BEGIN

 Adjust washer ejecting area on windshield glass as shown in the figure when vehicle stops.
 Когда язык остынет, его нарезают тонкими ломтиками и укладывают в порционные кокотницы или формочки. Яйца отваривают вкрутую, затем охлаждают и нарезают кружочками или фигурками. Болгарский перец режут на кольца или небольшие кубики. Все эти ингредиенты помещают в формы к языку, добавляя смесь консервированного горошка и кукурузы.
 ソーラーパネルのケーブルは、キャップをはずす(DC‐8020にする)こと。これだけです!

END
BEGIN

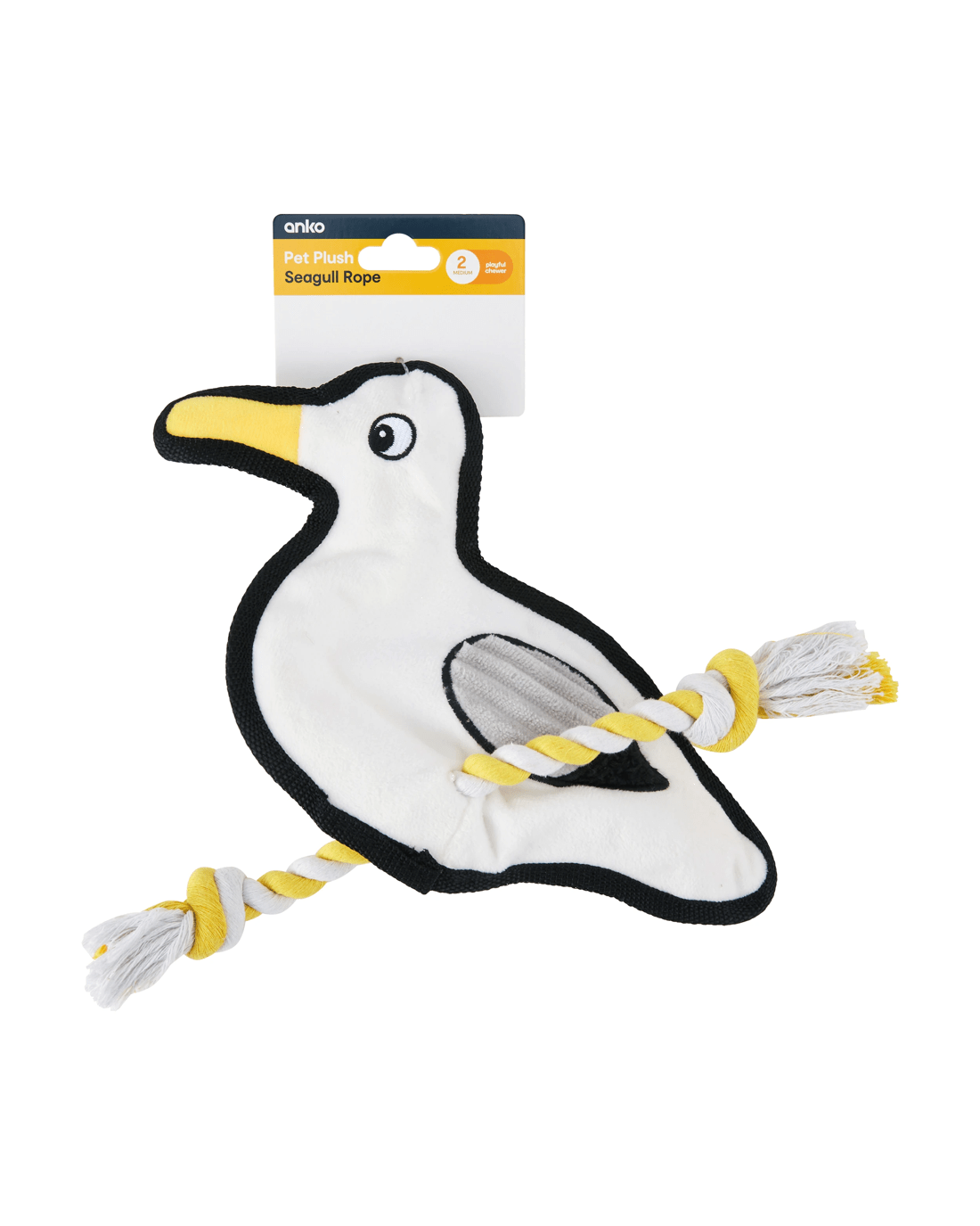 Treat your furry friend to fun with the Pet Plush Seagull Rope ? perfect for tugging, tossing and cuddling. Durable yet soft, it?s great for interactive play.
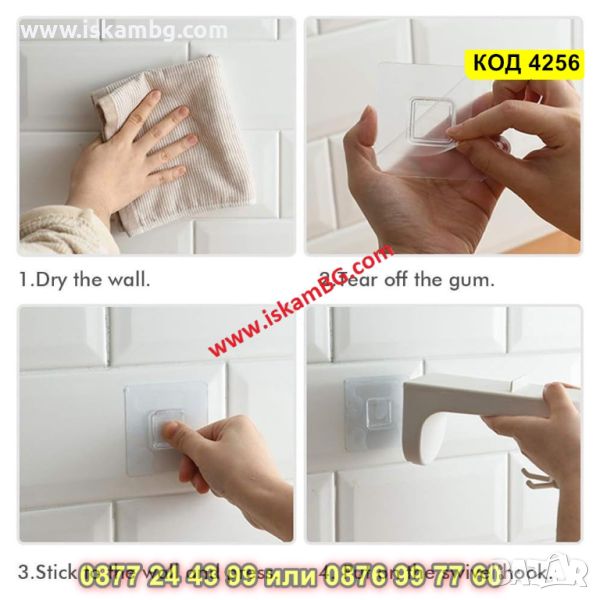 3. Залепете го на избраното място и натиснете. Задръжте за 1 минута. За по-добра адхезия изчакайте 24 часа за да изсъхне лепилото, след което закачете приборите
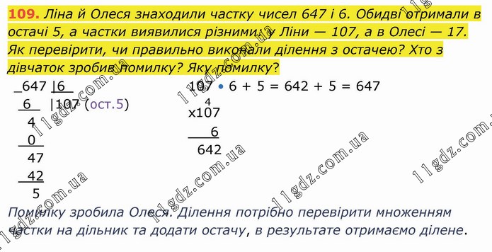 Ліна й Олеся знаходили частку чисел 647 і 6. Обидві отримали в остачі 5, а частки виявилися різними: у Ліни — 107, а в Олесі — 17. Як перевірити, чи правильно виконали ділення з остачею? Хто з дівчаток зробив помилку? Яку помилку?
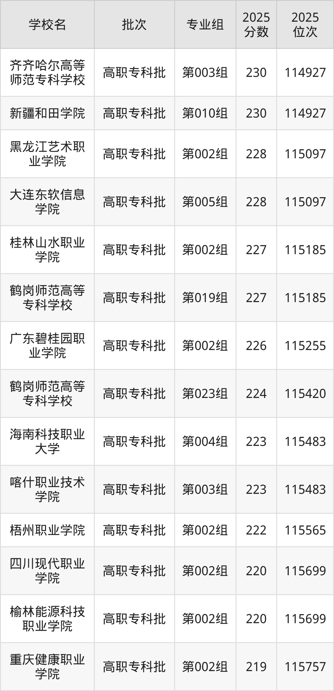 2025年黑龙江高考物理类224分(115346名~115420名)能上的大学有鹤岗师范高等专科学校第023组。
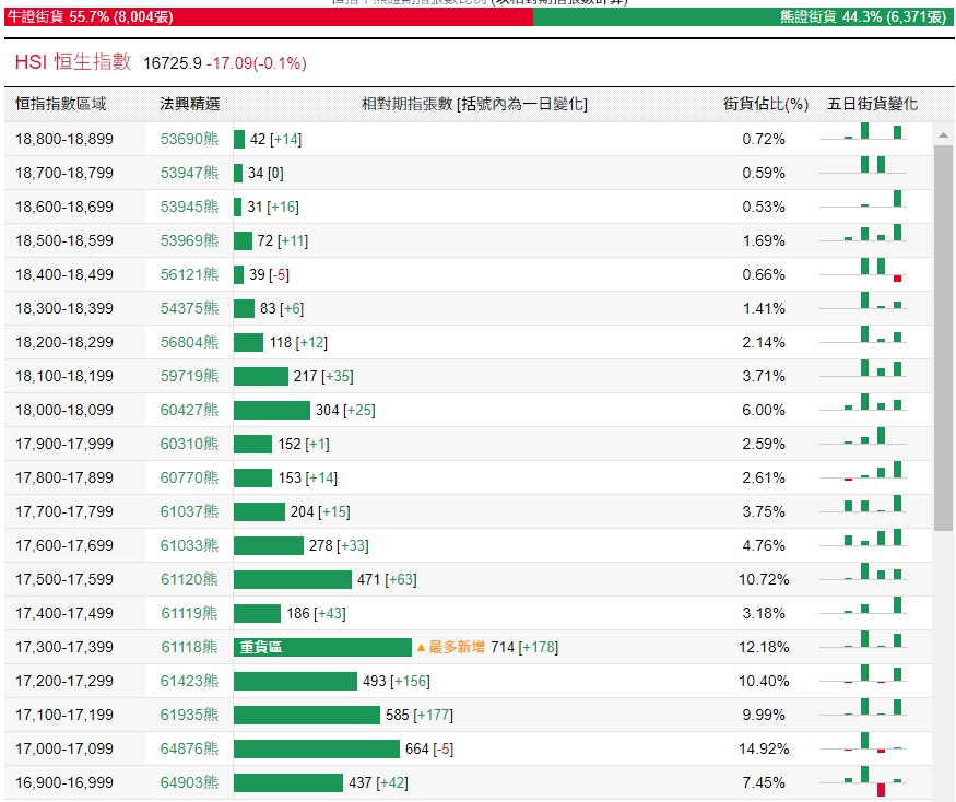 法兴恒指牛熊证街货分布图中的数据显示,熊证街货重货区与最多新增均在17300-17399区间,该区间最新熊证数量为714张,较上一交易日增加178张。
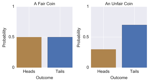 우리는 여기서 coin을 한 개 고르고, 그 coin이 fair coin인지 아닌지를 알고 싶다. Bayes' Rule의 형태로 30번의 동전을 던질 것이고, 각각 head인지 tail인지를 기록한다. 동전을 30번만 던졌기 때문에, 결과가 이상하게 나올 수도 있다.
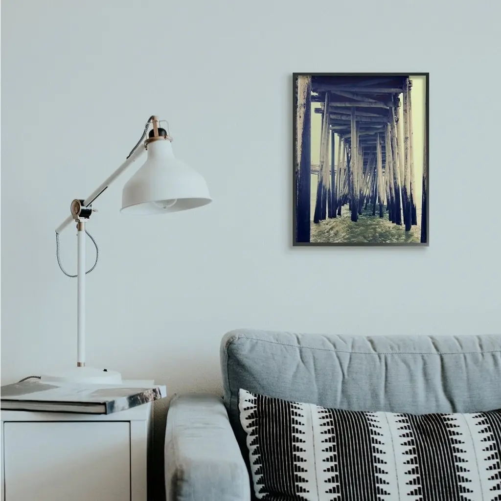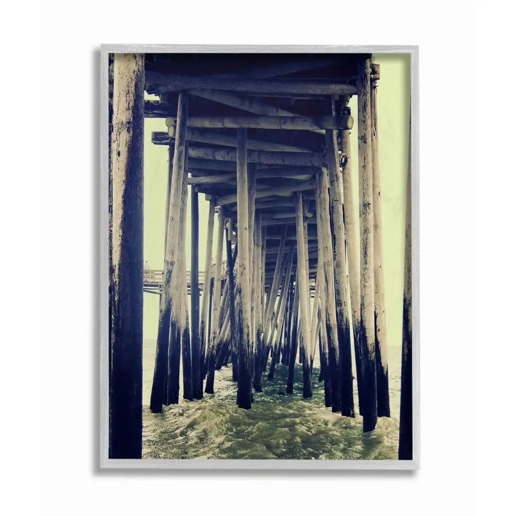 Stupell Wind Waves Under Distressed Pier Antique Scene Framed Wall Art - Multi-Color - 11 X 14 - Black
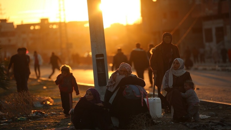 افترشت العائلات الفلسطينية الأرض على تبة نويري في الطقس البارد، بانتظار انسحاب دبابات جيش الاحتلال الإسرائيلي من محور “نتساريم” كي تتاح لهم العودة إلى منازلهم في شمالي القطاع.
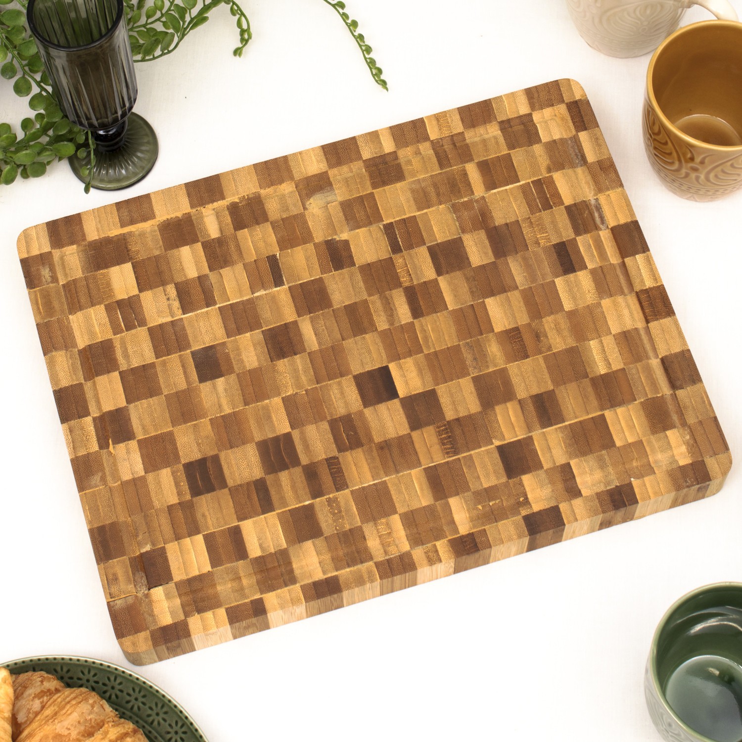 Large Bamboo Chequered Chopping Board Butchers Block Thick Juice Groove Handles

END

In the data above, find the line with "3. Залепете го" and the line with "Large Bamboo Chequered". Please copy exactly those two lines and every line between them, but not the pictures.

[Response box]:
 3. Залепете го на избраното място и натиснете. Задръжте за 1 минута. За по-добра адхезия изчакайте 24 часа за да изсъхне лепилото, след което закачете приборите
 Ліна й Олеся знаходили частку чисел 647 і 6. Обидві отримали в остачі 5, а частки виявилися різними: у Ліни — 107, а в Олесі — 17. Як перевірити, чи правильно виконали ділення з остачею? Хто з дівчаток зробив помилку? Яку помилку?
 2025年黑龙江高考物理类224分(115346名~115420名)能上的大学有鹤岗师范高等专科学校第023组。
 法兴恒指牛熊证街货分布图中的数据显示,熊证街货重货区与最多新增均在17300-17399区间,该区间最新熊证数量为714张,较上一交易日增加178张。
 우리는 여기서 coin을 한 개 고르고, 그 coin이 fair coin인지 아닌지를 알고 싶다. Bayes' Rule의 형태로 30번의 동전을 던질 것이고, 각각 head인지 tail인지를 기록한다. 동전을 30번만 던졌기 때문에, 결과가 이상하게 나올 수도 있다.
 Stupell Wind Waves Under Distressed Pier Antique Scene Framed Wall Art - Multi-Color - 11 X 14 - Black
 افترشت العائلات الفلسطينية الأرض على تبة نويري في الطقس البارد، بانتظار انسحاب دبابات جيش الاحتلال الإسرائيلي من محور “نتساريم” كي تتاح لهم العودة إلى منازلهم في شمالي القطاع.
 Large Bamboo Chequered Chopping Board Butchers Block Thick Juice Groove Handles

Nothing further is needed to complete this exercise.